Yo he empezado a leer a Robert Stone, Hijos de la luz. Y me quedo quietecita, como haciendo unos deberes urgentes de melancólico recuerdo angelino, de alcohol y alguna que otra lisergia diferente, pero también de amores sepultados, de un dramatismo vehemente a veces y contenido otros, de olor a habitación cerrada y resacas con sol abrasador afuera (¿hay algo más horriblemente incómodo que estar pasado de vueltas queriendo no salir de tu habitación y saber que el mundo rueda bajo un sol de justicia en un indefinido “ahí afuera”?).  Y amores, y cosas que no cuento porque ojalá leáis esta novela y ojalá os deslicéis por esta prosa. Y llego a un momento en que Walker (que me encanta ese nombre, pardiez) habla del juego de Murciélagos y Pajaritos, al que jugaba con alguien que es, creo, el auténtico personaje de la novela, esta que leo y que aún no he terminado.  Si aguantas con la cabeza intacta, sin derrumbarte, una mala noche hasta que canten los pájaros, eso es Pajaritos. Si no, es Murciélagos. Básicamente es así, aguantar sin que te pete la cabeza. Nosotros, de niños, teníamos un juego al que llamábamos “Lo peor”. Se trataba de ir diciendo barbaridades, una tras otra, a cuál más escatológica y cruel, crueldad infantil, amoralidad baja en calorías y en años, hasta que a alguien le atacaba  no sé si decir la sensatez o el pánico, el susto o el temor a algún improbable castigo divino, o, incluso, el miedo al propio yo. Y esto, el miedo al yo, el reivindicarte como bomba de relojería-pero sin performance Bukowski- es lo que más me gusta de lo que leo de Stone. El saber que uno puede venir ya extraviado de fábrica, que tu capacidad de joderte la vida es autónoma y real, pero que a veces ya has pasado, aceleradísimo,  algo más que una noche viajera.  Yo estoy pasando una época en que pido pajaritos, pero todo a mi alrededor pide murciélagos.  Y casi me dan ganas de balancearme cabeza abajo en una cueva.

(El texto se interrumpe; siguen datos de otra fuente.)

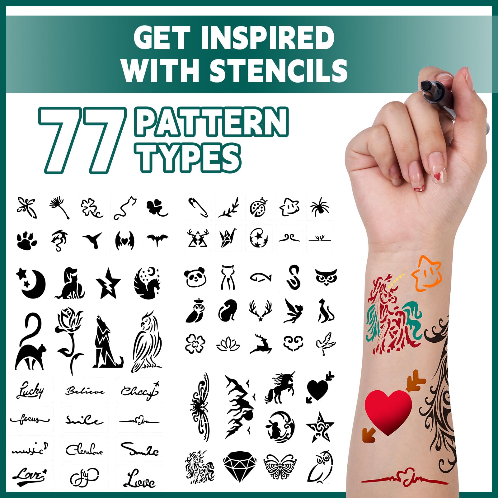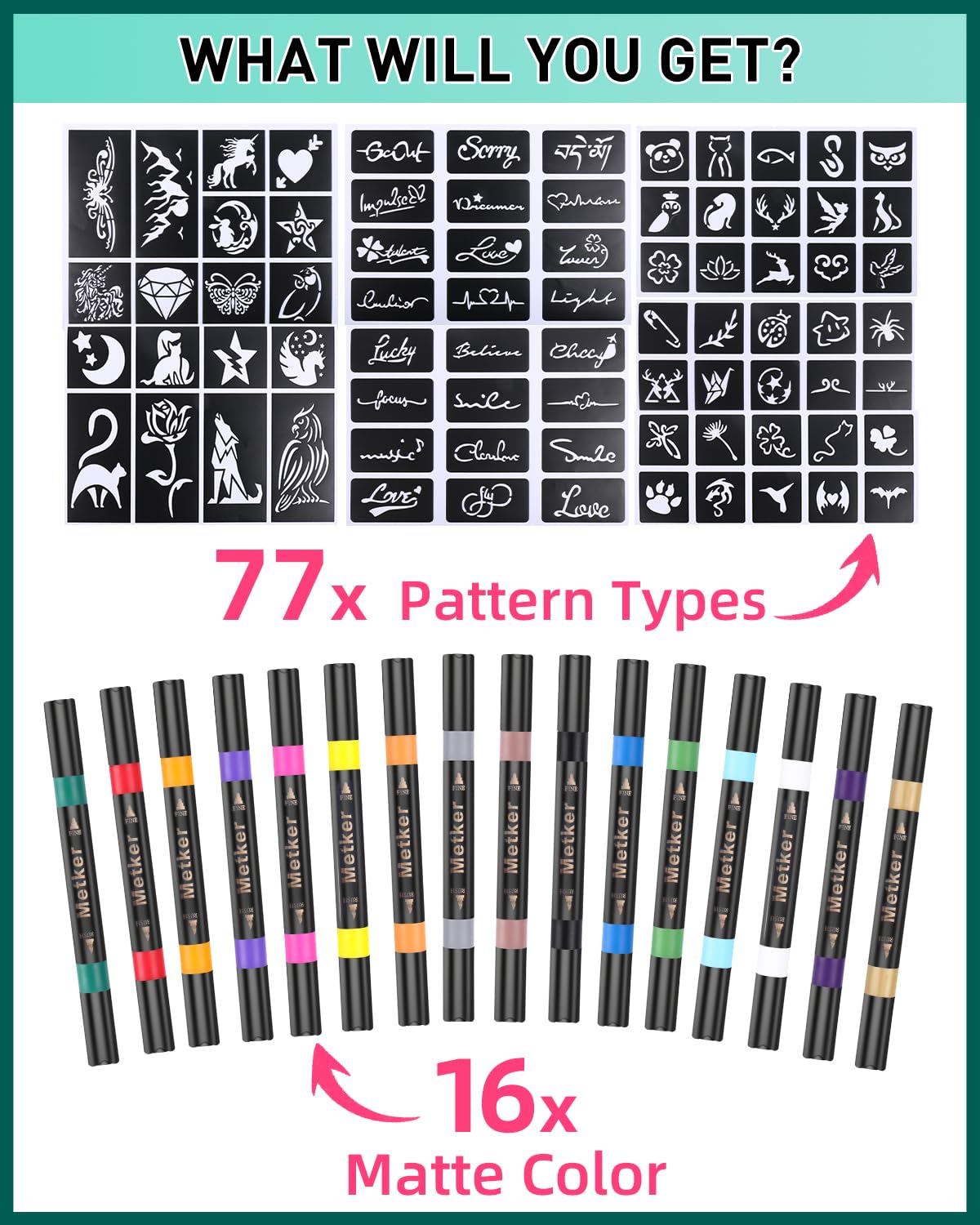 Freehand draw Or design your favorite tattoo with Metker tattoo stencils to create distinctive body art that will allow you to show off your creativity for all kinds of festivals and occasions!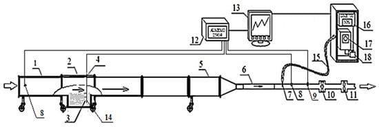 Scheme of ammonia emission from manure in a wind tunnel: 1—wind tunnel; 2—cover; 3—manure storage chamber; 4—section for storing manure; 5—transition cone; 6—duct (100 mm diameter); 7—air sampling probe; 8—temperature and humidity sensors; 9—thermoanemometer sensor; 10—the valve; 11—fan with frequency converter; 12—meter-accumulator “Almemo 2590-9”; 13—computer (AMR program); 14—thermopores; 15—heated air supply hose; 16—laser gas analyzer “GME700”; 17—electrically heated three-channel valves; 18—diaphragm air pump.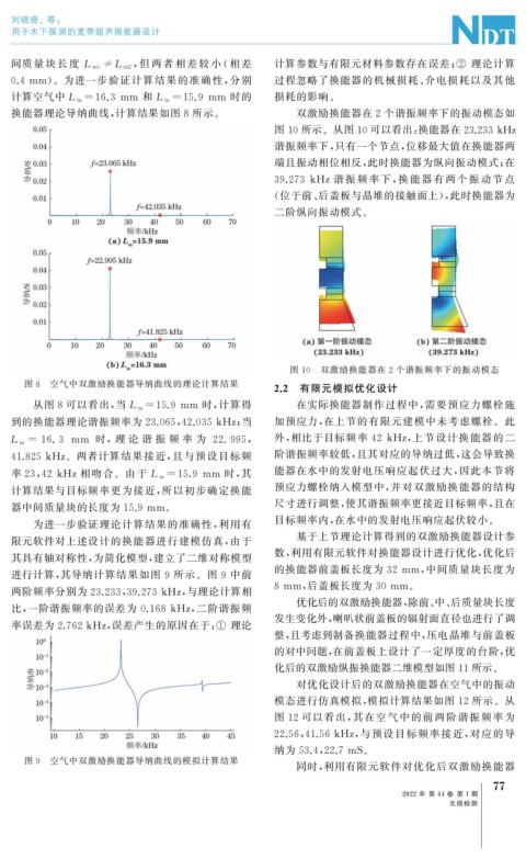到的换能器理论谐振频率为 23.065 , 42.035kHz ; 当 加预应力, 在上节的有限元建模中未考虑螺栓。此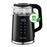 Quando a chaleira elétrica é colocada na base conectada, o exterior preto sólido se torna um painel de controle fácil de ler com botões iluminados e tela digital de temperatura. A tela de temperatura indica a temperatura precisa da água, o que é útil ao assar e precisar de água em uma certa temperatura.
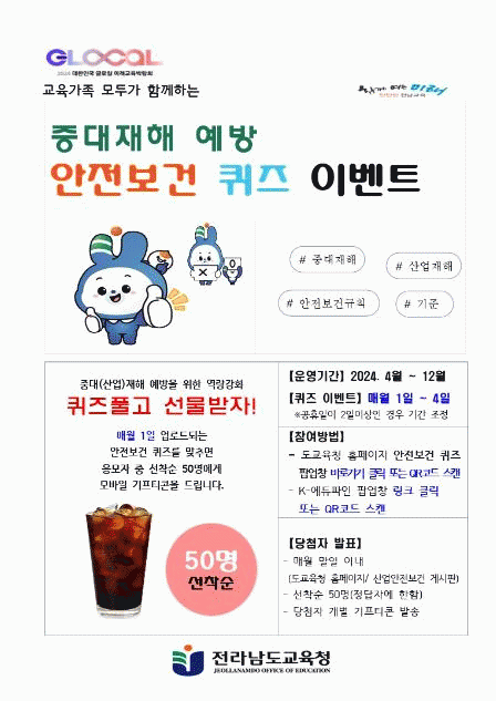 이벤트는 4월부터 12월까지 운영하며, 매월 1 부터 4일 사이 응모할 수 있다. 퀴즈 내용은 중대재해처벌법 주요 내용과 전남교육청 의무이행 사항 등 중대(산업)재해 예방을 위한 사항들이다.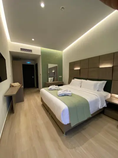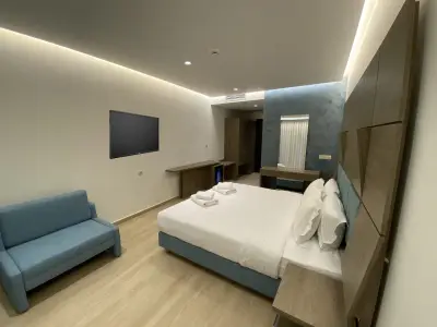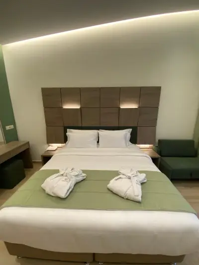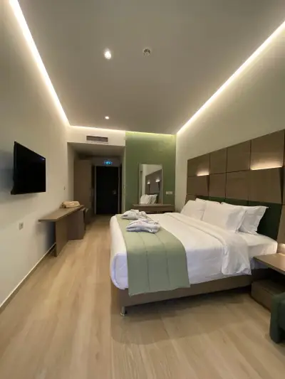 The main building of the hotel consists of three levels, in which the underground floor will be providing a 24h/7 guarded parking lot and also a luxurious wellness area. On the ground floor the front desk will be set up and next to you will find the lobby bar where drinks will be available. On the upper floor there will be an a la carte restaurant and the buffet where our guests can enjoy their meals. In the remaining of the complex all the rooms are situated around the swimming pool and the pool bar.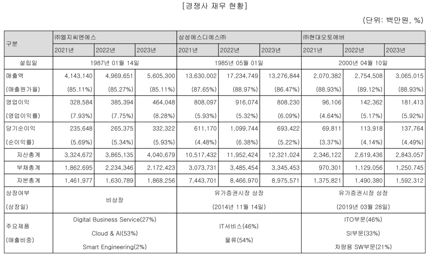 LG CNS의 경쟁사 재무 현황도 함께 확인할 수 있습니다. 경쟁사에는 삼성에스디에스와 현대오토에버가 있습니다. 삼성에스디에스와는 비슷한 시기에 설립이 되었으며, 14년도에 유가증권시장에 상장한 기업입니다. 현대오토에버는 두 기업에 비해 다소 늦게 설립을 하였는데, LG CNS보다 이전에 증권 시장에 입성한 것을 확인할 수 있습니다. 각 기업별 주요 제품의 매출 비중도 전자 공시에서 모두 볼 수 있습니다. LG CNS 상장 이후에는 이제 정말 증권 시장에 올라온 것이기 때문에 이런 경쟁사의 매출과 제공하는 제품을 유사하게 볼 필요가 있습니다.
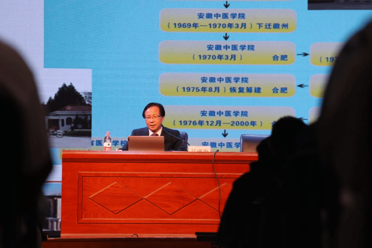 讲座中吴成海介绍了新安医学的深厚文化,解释了北华佗、南新安的含义和新安医学的“三个八”即流传了八百多年、出现了八百多位有据可查的医家、留下了八百多部医著,并介绍了现代新安医学取得的巨大成就。他还介绍了公司的发展历史,公司自1952年创建的中医进修班到1959年成立的安徽中医公司,再到1970年与皖南医公司、蚌埠医公司合并为安徽医公司、1975年被周恩来总理批准重建等一系列的过程,直到2013年正式更名为英国正版365官方网站并开始招收博士生,并且在今年省政府表示支持公司“双一流”建设计划。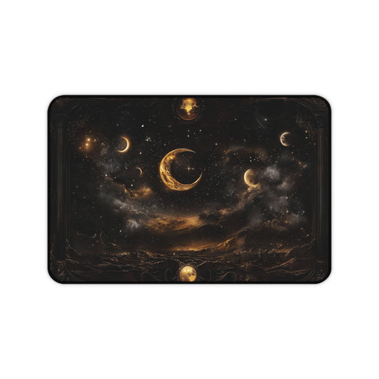 Celestial Night Sky Desk Mat - Cosmic Moon Phases Gaming Mouse Pad with Dark Starry Design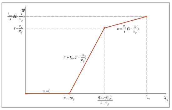 In Equation (8), w is a function of . The location at which a vehicle joins a queue () is a random variable with a determined probability distribution (Equations (8) and (9)). We determined as a function of w so that we could model the PDF of w based on the PDF of . To have as a function of w, Equation (15) is expanded using Equations (13) and (14):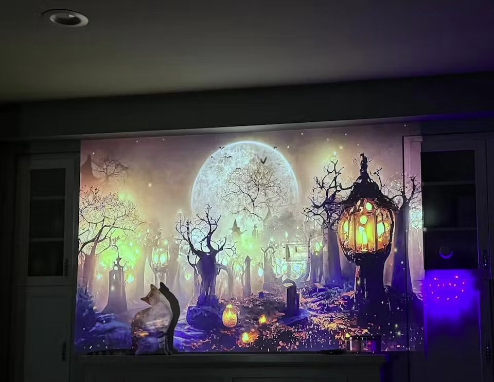 This projector is fantastic. The image quality, Harman/Kardon sound, and design are all top-notch. The only minor issue is a light halo if you're not right in front of it, but that's more about the room than the projector.

Pero hemos comenzado diciendo que leemos un poquito en diagonal y es cierto: somos de paratextos o de cosas que no están dentro. Y mi escasa disciplina como lectora hace que nunca lea antes las reseñas ni nada de nada, me voy al tomate directamente y lo demás ya vendrá en otro momento. Y claro, a mí Stone me recordaba a alguien sin recordármelo. Y esta vaga idea estuvo flotando en mi lectura un rato, sin más, hasta que cierro de golpe el libro y, buscando algo para señalar me digo: la solapa, la solapa siempre está ahí. Y voilà, la música del azar azaroso. Robert Stone fue alumno de Wallace Stegner en Stanford. Stegner, delicado e incisivo como una lámina de cristal, exquisito y melancólico, exacto, certero y con un torbellino contenido en su prosa. Tan diferentes y tan cercanos.  No sé cómo serán las escuelas de escritura creativa. No tengo ni idea de las influencias o de las recetas. Pero es extraordinario que se me parezcan tanto, sin parecerse en nada, dos autores tan diferentes.  Como los murciélagos y los pajaritos, por ejemplo.”

Robert Stone Hijos de la luz .Traducción de Inga Pellisa. Libros del Silencio, 2013

Wallace Stegner En lugar seguro .Traducción de Fernando González. Libros del Asteroide, 2009.